Ce qui est frappant, au-delà des chiffres ou même de l’activité non chiffrable, c’est de constater que par tous ces capteurs se manifestent, non seulement une soif de maîtrise des personnes sur leurs données, non seulement une appropriation (en progrès) par les opérateurs de leur responsabilité, mais aussi des transformations majeures de notre société, déjà bien connues, mais dont la protection des données est un prisme assez saisissant.
DES SUJETS DE RÉFLEXION MULTIPLES
Ces enjeux cruciaux transparaissent à travers plusieurs thématiques dont la CNIL a eu à connaître en 2019 : le lancement du débat – auquel elle avait appelé – sur la reconnaissance faciale et les nouveaux usages de la vidéo, qui renvoie entre autres à la question si fondamentale de l’anonymat dans l’espace public et des formes de surveillance légitimes ; le chantier en cours sur l’identité numérique, porteur de tant d’opportunités mais interrogeant la possibilité – mise en défi par le numérique depuis l’origine – de compartimenter notre vie citoyenne, commerciale, professionnelle en ligne, et invitant ainsi à la construction de solutions équilibrées ; la montée en puissance des assistants vocaux et des agents conversationnels, et les questions qu’elle soulève, au-delà de l’usage des données et de l’intimité, sur les rapports homme-machine.
La CNIL a également fait face à la diffusion d’une délinquance numérique, dont les cyberattaques et les multiples atteintes aux personnes en ligne, qui se nourrit de mésusage de nos données personnelles, qui frappe les petits comme les gros opérateurs et, par ricochet, les personnes ; la démultiplication de la puissance de traçage des individus en ligne par des acteurs transnationaux, notamment privés, toujours plus importants ; le risque de fracture numérique aux dépens d’une partie de la population, se doublant d’une capacité trop inégale à protéger ses données, et la nécessité de penser l’éducation et l’accompagnement numériques sous un jour nouveau.
Ces différents sujets, individuellement ou mis bout à bout, ont quelque chose de vertigineux. Ils confirment chaque jour l’actualité de l’article 1 er de la loi Informatique et Libertés et de son appel à la vigilance, pour que l’informatique soit toujours « au service de chaque citoyen » et que son développement se fasse dans le respect de « l’identité humaine » et de nos libertés fondamentales. Plus que jamais, réguler l’usage des données personnelles, c’est gérer une tâche quotidienne – le volume des saisines, pour faire simple – tout en gardant à l’esprit cette tectonique des plaques.

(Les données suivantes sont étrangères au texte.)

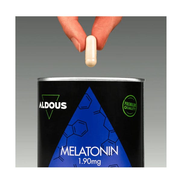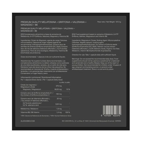 La potente combinación de Melatonina con Magnesio, Griffonia, Valeriana y Vitamina B6 de Aldous se presenta en un envase de 250 cápsulas vegetales para prolongar su consumo durante 250 noches.
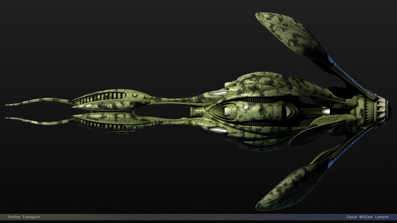 It makes me remind of the Half Life 2 alien ships, I love the organical look of this (don't know why it looks so organical to me).
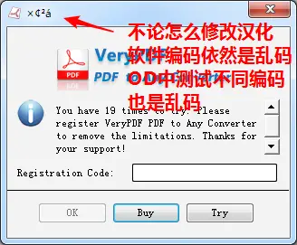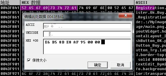 修改后,生成新的qtcore4.dll文件,替换原版qtcore4.dll就会发现,再去汉化此软件,乱码问题已经解决了。我们依然以汉化题目为示例,OD中修改数据(如果你是大量汉化工作就别用OD了否则累死哦),注意要是utf-8的内存编码形式,关于编码常识可以在公众号内回复“编码”阅读,也可以点此链接 编码常识 ,修改标题registration为“测试”,“测试”的utf-8内存编码模式16进制数据是E6 B5 8B E8 AF 95 ,转换方法如下,有兴趣的也可以自己写工具
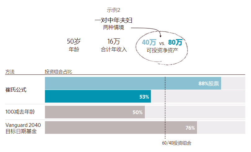 在许多情境下,这个公式给出的结果比常见经验法则更为激进,股票比例更高。
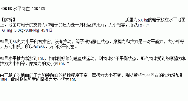 质量为5.0kg的箱子放在水平地面上,地面对箱子的支持力大小为________N静止在粗糙的水平地面上,如果用5N的力水平向右推它,没有推动,则物体所受的摩擦力大小为_______N,方向________;如果水平推力增加到10N,物体刚好做匀速直线运动,那么物体的受摩擦力的大小为_________N;若将水平向右的推力增加到15N,此时物体所受的摩擦力大小为________N。

VERS UNE COOPÉRATION ENTRE TOUS LES ACTEURS
La CNIL y contribue, avec des moyens qui devront poursuivre leur progression pour saisir les opportunités et lutter réellement contre les menaces du moment. L’objectif n’est évidemment pas qu’une institution, aussi centrale soit-elle dans le sujet, soit capable de tout faire toute seule. Au contraire, l’ordre public nécessaire dans l’espace numérique ne peut être assuré que par une conjonction des régulations et des interventions publiques, y compris juridictionnelles, dont la force doit globalement être renforcée. De même, une priorité est que, par un effort partagé (par de nombreux acteurs publics, privés, de la société civile) et partenarial d’éducation au numérique, les personnes soient mieux armées pour maîtriser leurs données, leurs usages, et pour avoir une force autonome d’action dans ce nouveau contexte. Une autre priorité est que les entreprises et plus largement tous les innovateurs inventent de nouveaux modèles vertueux de produits, de services et de services publics, dessinant un écosystème numérique respectueux des personnes, inclusif, durable, social.
C’est dans ce sens que la CNIL restera engagée en 2020 au service de la cause si bien décrite par l’article 1 er de notre loi, modernisée et relayée au niveau européen par le RGPD il y a deux ans.